**Task statement**
Write out every record below exactly as given. Leave the pictures out.
___ Source data
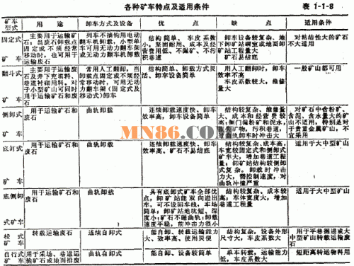 (6)底側(cè)卸式礦車比底卸式礦車優(yōu)點(diǎn)多,應(yīng)優(yōu)先選用。
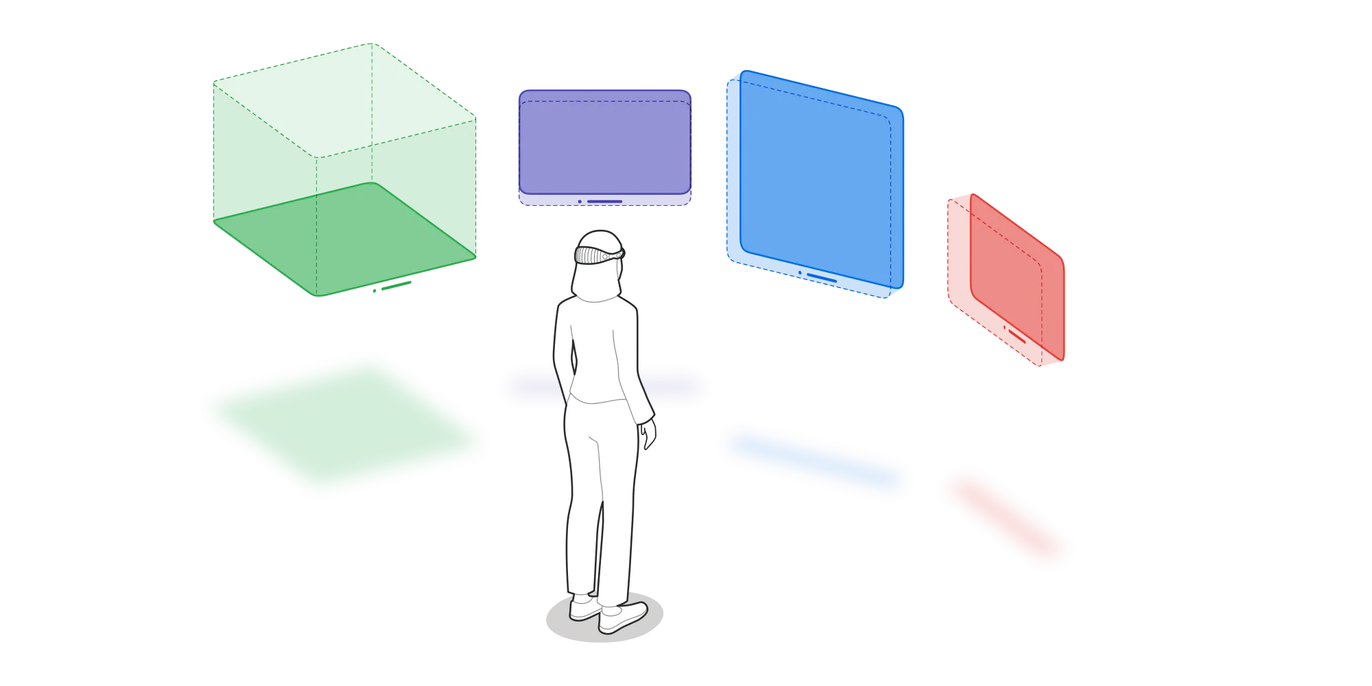 - spaces 默认情况下,应用程序启动到共享空间,它们并排存在,就像Mac桌面上的多个应用程序一样。应用程序可以使用窗口和卷来显示内容,用户可以在他们喜欢的任何地方重新定位这些元素。为了获得更身临其境的体验,应用程序可以打开一个专门的Full Space,只显示该应用程序的内容。在Full Space中,应用程序可以使用窗口和卷,创建无限的3D内容,打开通往不同世界的门户,甚至让人完全沉浸在一个环境中。
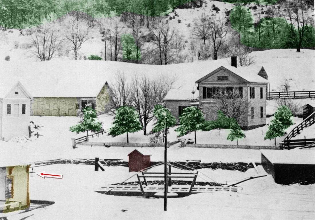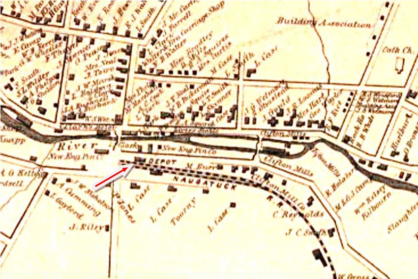 The photo at upper left is misidentified as WEST WINSTED in the book Connecticut Railroads and elsewhere but, in fact, is the NRR's 1849 downtown station. It looks pretty typical of others like DERBY1 and NAUGATUCK1. The middle photo is from Bob Adams's "Winsted's Quintuplets" article and carries the original captioning that refers to "a station with ornate corner lamp." Al Weaver's colorized version at right has helped greatly in showing the building in the left foreground that Adams meant and our red arrow points to the lamp. This photo, often seen without the captioning that is admittedly vague, has understandably added to the confusion. While the downtown depot appears adequate enough, the Winsted Herald railed retrospectively in 1879 that it had been "cussed and discussed" for nigh the 30 years it stood, that it wasn't "fit to put pigs in -- much less passengers" and that, since the depot floor was a step lower than the outside platform, "many an old lady or other unwary passenger pitched headlong into the darkness after alighting from the evening train." The paper went on to blame the avarice of the NRR management for not replacing it sooner. The 1854LC map at lower left shows the location at the corner of Bridge and Depot Sts., in the center of the borough. [REFS: WH/07/25/1879/05; NMRA Bulletin 43.8 (4/1978); C134][rev 031113]
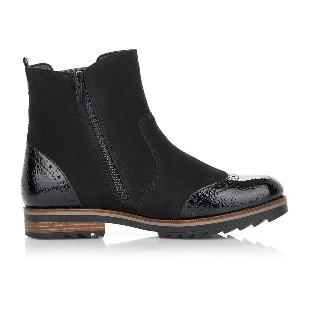 Remonte Women's Black Leather Ankle Boots with Block Heel and Zip Closure
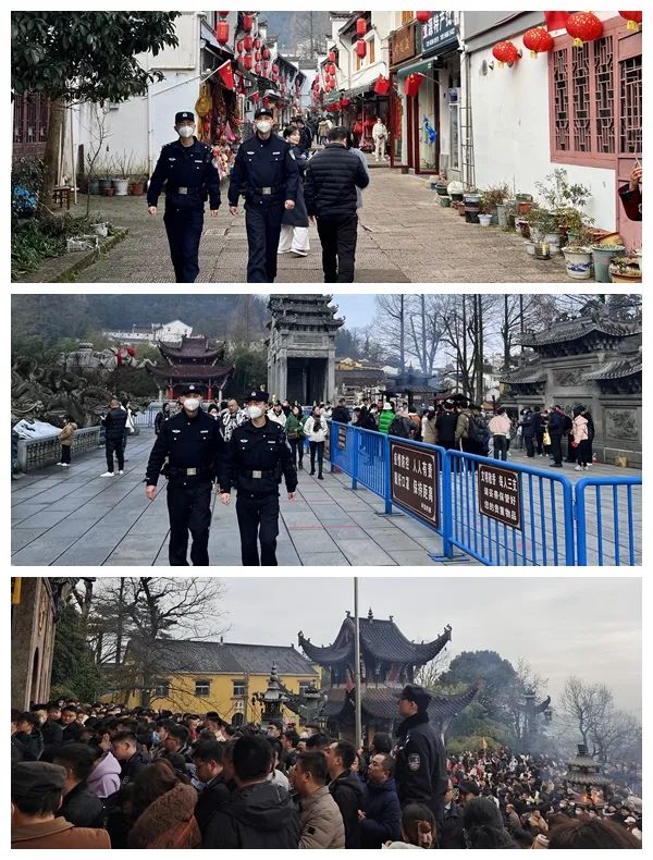 元宵佳节到,舞龙舞狮、猜灯谜各类民俗活动热闹非凡,池州市贵池区刘街青山庙会暨傩艺荟萃展演活动也如期而至,逛庙会、观傩戏,周边群众和慕名而来的游客络绎不绝。池州市公安局贵池分局组织警力做好现场秩序维护,确保群众玩得安全,逛得放心。
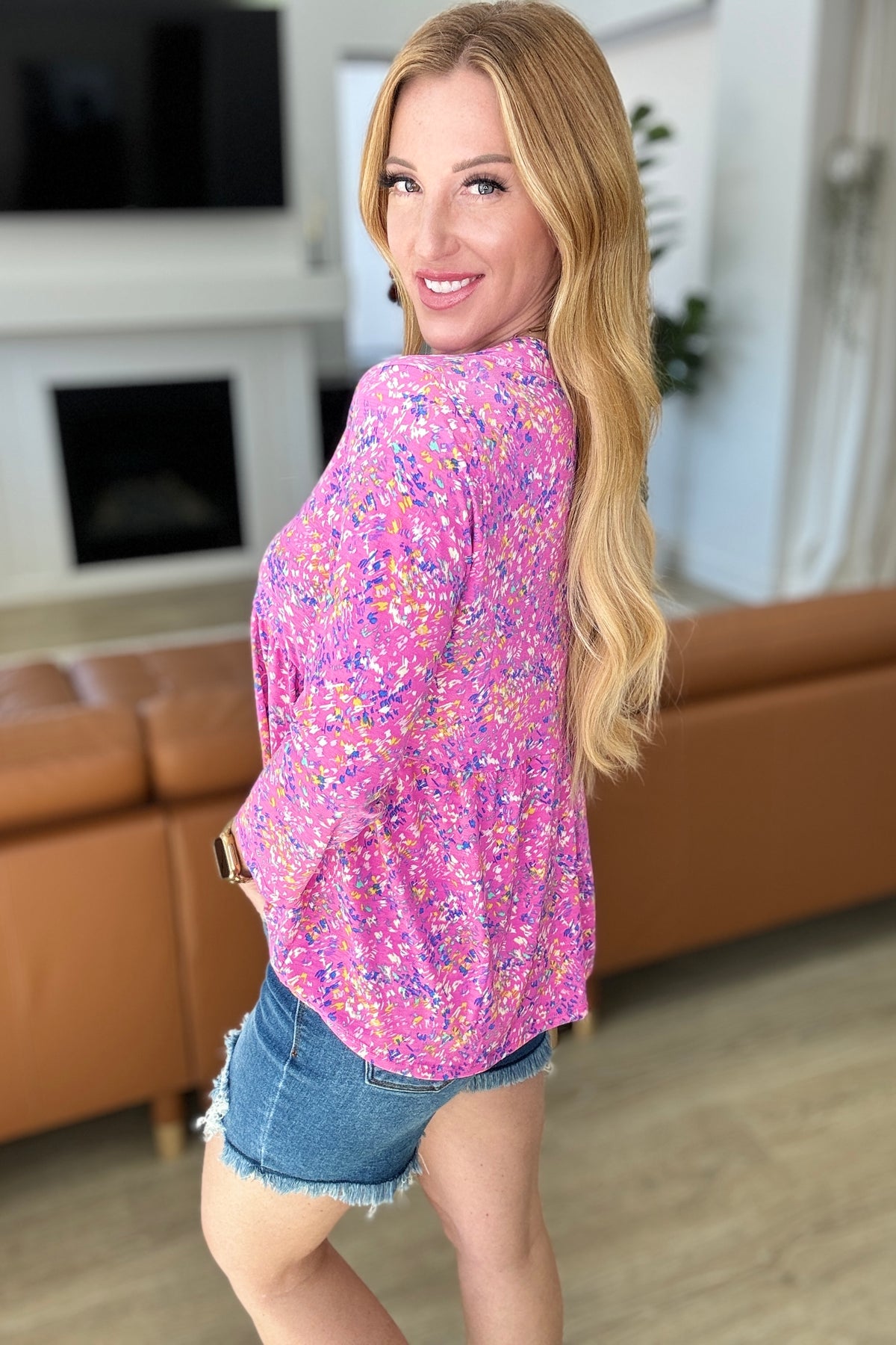 Lizzy Babydoll Top in Magenta Brushstrokes
______
**Reply to the exercise**
 (6)底側(cè)卸式礦車比底卸式礦車優(yōu)點(diǎn)多,應(yīng)優(yōu)先選用。
 - spaces 默认情况下,应用程序启动到共享空间,它们并排存在,就像Mac桌面上的多个应用程序一样。应用程序可以使用窗口和卷来显示内容,用户可以在他们喜欢的任何地方重新定位这些元素。为了获得更身临其境的体验,应用程序可以打开一个专门的Full Space,只显示该应用程序的内容。在Full Space中,应用程序可以使用窗口和卷,创建无限的3D内容,打开通往不同世界的门户,甚至让人完全沉浸在一个环境中。
 The photo at upper left is misidentified as WEST WINSTED in the book Connecticut Railroads and elsewhere but, in fact, is the NRR's 1849 downtown station. It looks pretty typical of others like DERBY1 and NAUGATUCK1. The middle photo is from Bob Adams's "Winsted's Quintuplets" article and carries the original captioning that refers to "a station with ornate corner lamp." Al Weaver's colorized version at right has helped greatly in showing the building in the left foreground that Adams meant and our red arrow points to the lamp. This photo, often seen without the captioning that is admittedly vague, has understandably added to the confusion. While the downtown depot appears adequate enough, the Winsted Herald railed retrospectively in 1879 that it had been "cussed and discussed" for nigh the 30 years it stood, that it wasn't "fit to put pigs in -- much less passengers" and that, since the depot floor was a step lower than the outside platform, "many an old lady or other unwary passenger pitched headlong into the darkness after alighting from the evening train." The paper went on to blame the avarice of the NRR management for not replacing it sooner. The 1854LC map at lower left shows the location at the corner of Bridge and Depot Sts., in the center of the borough. [REFS: WH/07/25/1879/05; NMRA Bulletin 43.8 (4/1978); C134][rev 031113]
 Remonte Women's Black Leather Ankle Boots with Block Heel and Zip Closure
 元宵佳节到,舞龙舞狮、猜灯谜各类民俗活动热闹非凡,池州市贵池区刘街青山庙会暨傩艺荟萃展演活动也如期而至,逛庙会、观傩戏,周边群众和慕名而来的游客络绎不绝。池州市公安局贵池分局组织警力做好现场秩序维护,确保群众玩得安全,逛得放心。
 Lizzy Babydoll Top in Magenta Brushstrokes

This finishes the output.